Three reservoirs with volume 125 ± 5 µL were printed, with equal volume empty chambers in between to separate the solutions and prevent mixing. A 3D network passive mixer (210 ± 10 µL) was placed after the reservoirs. A 30 ± 2 µL detection chamber with a serpentine channel was located downstream. The detection chamber houses a poly-L-lysine coated glass slide decorated with capture antibodies. An open window was placed directly on top of the PDMS base detection chamber for maximum light transmittance.
Antibody Array Fabrication
Capture antibodies (Ab1) were diluted to 100 µg mL−1 from stock solution, and 1 µL of the respective antibody solution was then spotted onto the poly-L-lysine-coated glass slide using a multichannel pipette with 4.5 mm centre-to-centre pitch spacing vertically and 2 mm lateral spacing. After spotting, slides were incubated overnight in a humidity chamber at 4°C allowing the antibodies to be immobilized onto the glass substrate. The protein arrays were than rinsed with PBS and blocked with 1% casein in PBS for 1 hr to minimize non-specific binding. Arrays were then washed with PBS and used immediately. Unused arrays were stored at −20°C under vacuum for up to 14 days.

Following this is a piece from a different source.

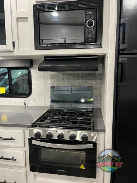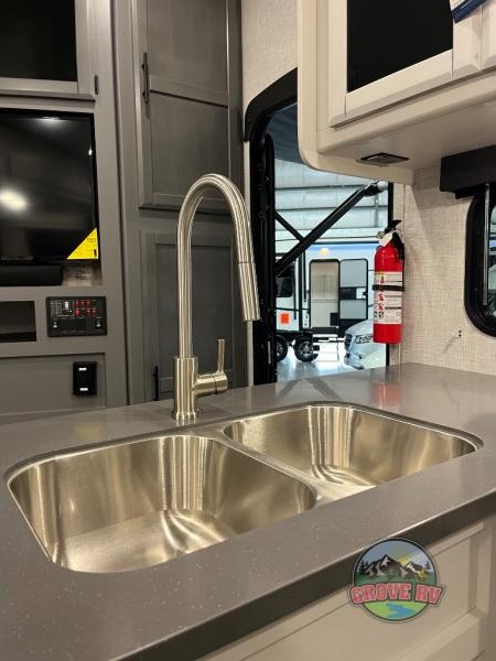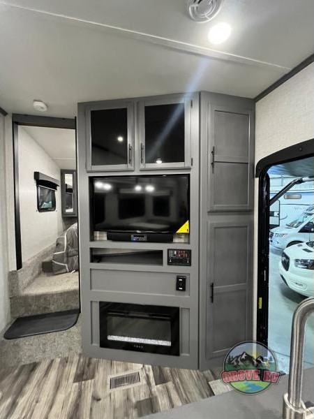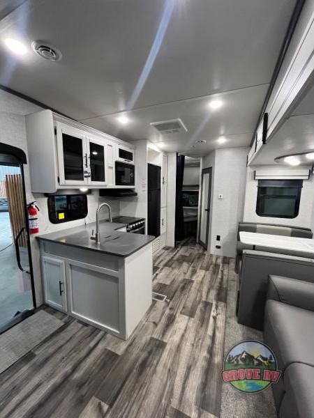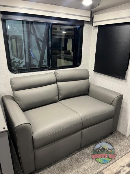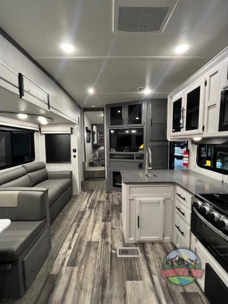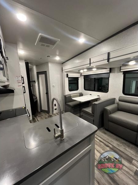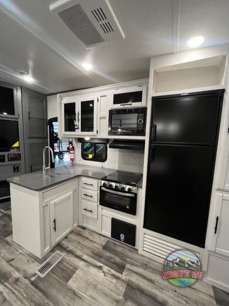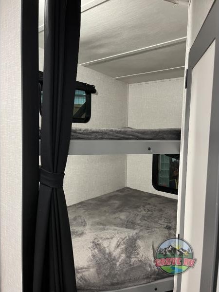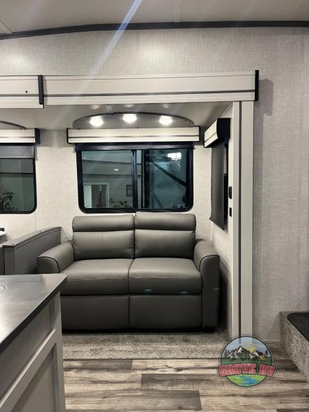 This is the perfect fifth wheel for a family or larger group since it can sleep nine people each night. The kids or your guests will love the double-size bunks, and the front private bedroom with a queen bed will be perfect for you and your spouse. Within the large slide out you'll find the tri-fold sofa and booth dinette where you can relax, play a game of cards, and convert to sleeping space at night. The chef of the family will love this kitchen with its solid-surface countertops, a 10 Cu. Ft. 12V refrigerator, plus a pantry for canned goods!

Sample and Reagent Loading
A mixture of 1:80 detection antibodies (Ab2) and 1:200 polyHRP diluted in PBS with 1% casein and 0.05% Tween-20 from their respective stock solutions were premixed. and loaded into reservoir 1 (Fig. 2). A wash buffer containing 0.5% casein and 0.05% Tween-20 in PBS was loaded into the reservoir 2 (Fig. 2) followed by 1:1 mixture of the chemiluminescent reagent in the reservoir 3 (Fig. 2). Then, 10 µL of a mixture of protein standards in 500-fold diluted calf serum were pipetted into reservoir 1 previously loaded with antibodies and polyHRP allowing the immuno-reagents to react with corresponding protein partner as the mixture moves through the 3D mixer network. For patient serum samples, 2 µL of each sample was first diluted 500-fold in PBS prior to loading into reservoir 1.
Assay Protocol
After the capture antibody array was placed within the detection chamber, a syringe pump (Chemyx Fusion 400) was programmed through its touchscreen interface to follow a sequence of start and stop flow and change in flow rates during different stages of the assay (see SI file for details).
Chemiluminescence Measurement
Chemiluminescence (CL) measurements were obtained using a G:Box bioimaging system and GeneSnap software (Syngene, Cambridge, U.K.). CL intensities for images captured by the CCD camera were determined by integrating CL signal over the area of the individual capture antibody spot using GeneTools software (Syngene, Cambridge, U.K.). CL images obtained using the CCD camera were recolorized using ImageJ software.
Results
Mixing Efficiency of the 3D-Printed Passive Mixing Network
Mixing was achieved by using an optimally configured three dimensional network of channels by testing different geometries (planar and non-planar) of the channels (Figure S2, ESI). Effective mixing of yellow and blue dyes was achieved when flow rates in the mixer was set at 50 µL min−1 (Figure S3, ESI). There was a clear separation of the two dyes before entering the 3D mixer (circled in Fig. 2B) followed by complete mixing by the third turn in the mixer as indicated by the formation of green-colored dye (red arrow, Fig. 2B, also see Fig. S1, ESI). The mixture continued to mix throughout the entire length of the mixer network until it reaches the detection chamber.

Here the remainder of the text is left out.